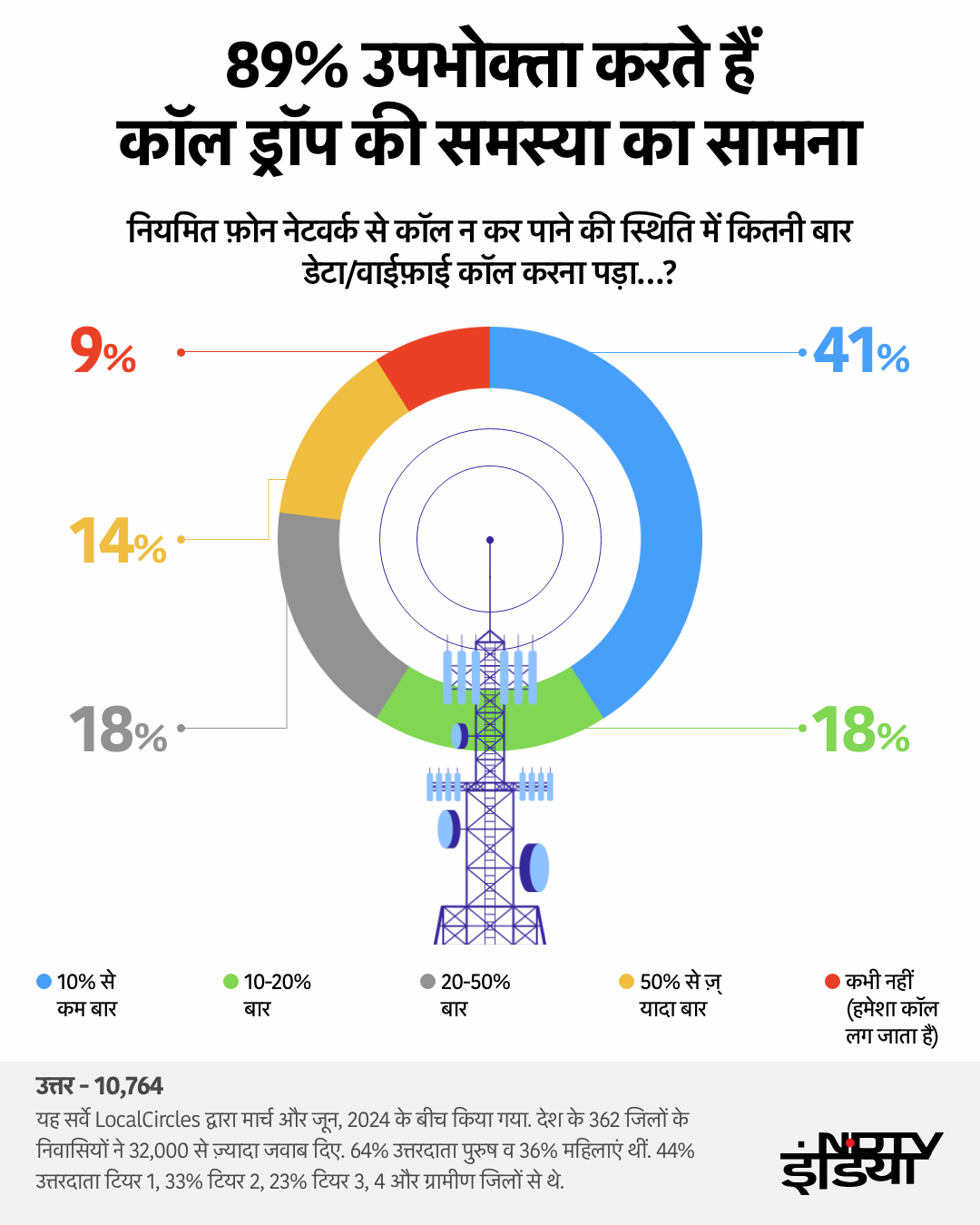 LocalCircles के सर्वे में शामिल लोगों में से 89% ने बताया कि उन्हें पिछले 3 महीनों में फोन कॉल कनेक्ट न होने या कॉल कट जाने की समस्या का सामना करना पड़ा है. 38% लोगों को तो 20% से ज्यादा कॉल में ये दिक्कतें आई हैं. जिसकी वजह से हर 3 में से 1 यूजर वाईफाई कॉल पर शिफ्ट हो गया है.सर्वे में यह भी पाया गया कि सिर्फ गांवों में ही नहीं बल्कि बड़े शहरों में भी कॉल ड्रॉप और मोबाइल कनेक्शन की समस्या आम है.
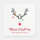 En rolig, söt, modern, minimalistisk bild av ett renhuvud med rött näsa. Med julprydnader, baublar hänger från småborna. Färg, Färger: vit, röd, grått, blå, grönt. Ett rött modernt handskrivet stil-skript med texten: God jul. Mall för din familj namn eller text.
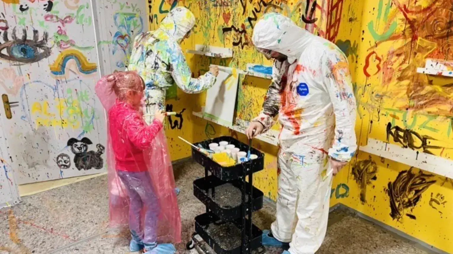 A Fröcskölőbe mehet 3 éves gyerkőc is, voltak már kisebbek is és nagyon élvezték a programot 😊 Van nekik is védő ruha, gyerekeknek esőponcsó, felnőtteknek pedig védőoverál van biztosítva. Vizes tempera amivel festenek, alkotnak, fröcskölnek, ezt használják a bölcsiben, oviban és iskolában is, ha a szájába kerülne a kicsinek, nem lesz baja 😊
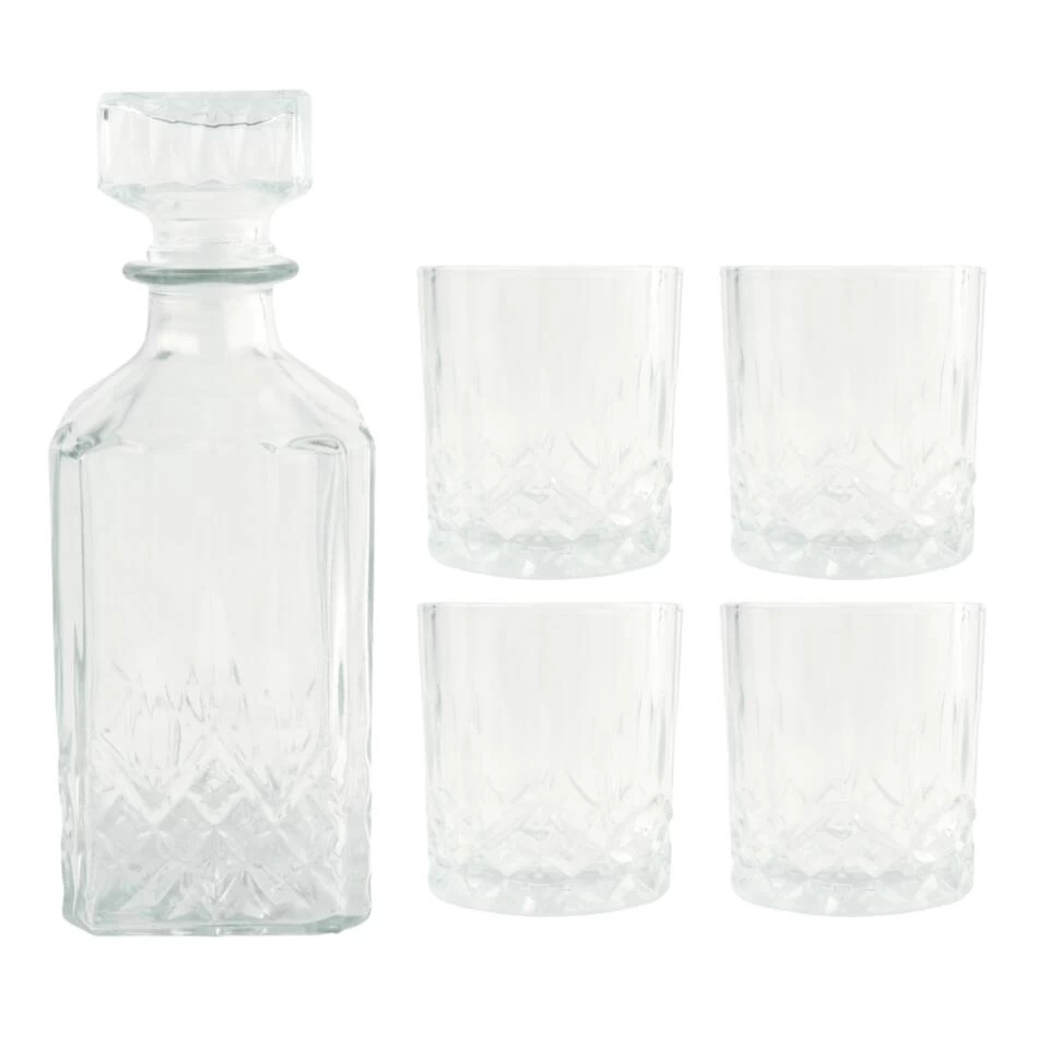 Orange85 Whisky Karaf Met 4 Glazen 5- Delig Transparant 900/230 Ml Glas Set
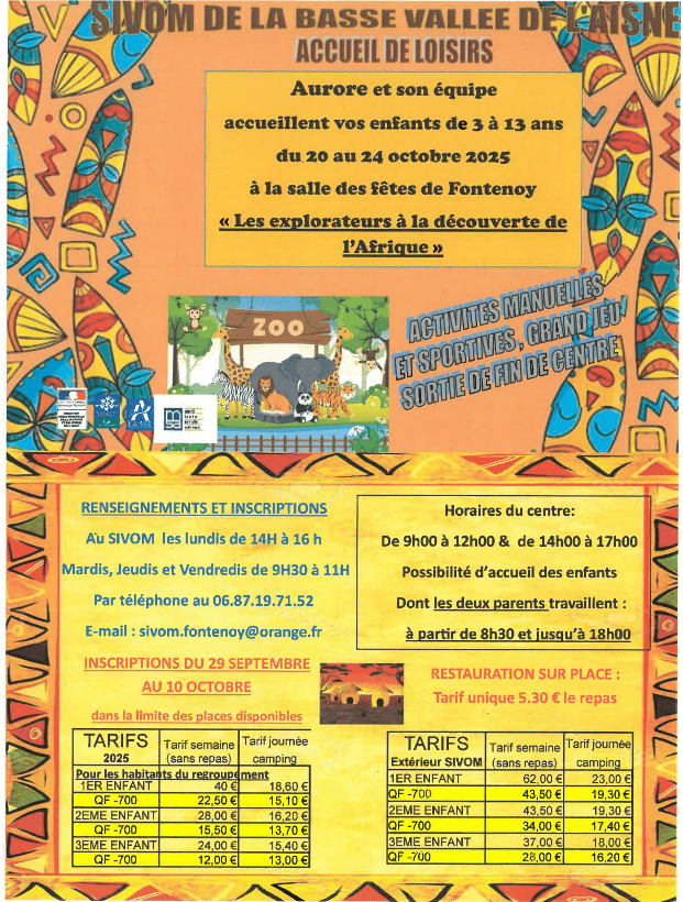 ➡️ Aurore et son équipe accueilleront les enfants (de 3 à 13 ans) durant les prochaines vacances scolaires sur le thème « Les explorateurs à la découverte de l’Afrique ».

_Instructions for the task_
Transcribe the listing verbatim, pictures excluded.

_Written answer_
 LocalCircles के सर्वे में शामिल लोगों में से 89% ने बताया कि उन्हें पिछले 3 महीनों में फोन कॉल कनेक्ट न होने या कॉल कट जाने की समस्या का सामना करना पड़ा है. 38% लोगों को तो 20% से ज्यादा कॉल में ये दिक्कतें आई हैं. जिसकी वजह से हर 3 में से 1 यूजर वाईफाई कॉल पर शिफ्ट हो गया है.सर्वे में यह भी पाया गया कि सिर्फ गांवों में ही नहीं बल्कि बड़े शहरों में भी कॉल ड्रॉप और मोबाइल कनेक्शन की समस्या आम है.
 En rolig, söt, modern, minimalistisk bild av ett renhuvud med rött näsa. Med julprydnader, baublar hänger från småborna. Färg, Färger: vit, röd, grått, blå, grönt. Ett rött modernt handskrivet stil-skript med texten: God jul. Mall för din familj namn eller text.
 A Fröcskölőbe mehet 3 éves gyerkőc is, voltak már kisebbek is és nagyon élvezték a programot 😊 Van nekik is védő ruha, gyerekeknek esőponcsó, felnőtteknek pedig védőoverál van biztosítva. Vizes tempera amivel festenek, alkotnak, fröcskölnek, ezt használják a bölcsiben, oviban és iskolában is, ha a szájába kerülne a kicsinek, nem lesz baja 😊
 Orange85 Whisky Karaf Met 4 Glazen 5- Delig Transparant 900/230 Ml Glas Set
 ➡️ Aurore et son équipe accueilleront les enfants (de 3 à 13 ans) durant les prochaines vacances scolaires sur le thème « Les explorateurs à la découverte de l’Afrique ».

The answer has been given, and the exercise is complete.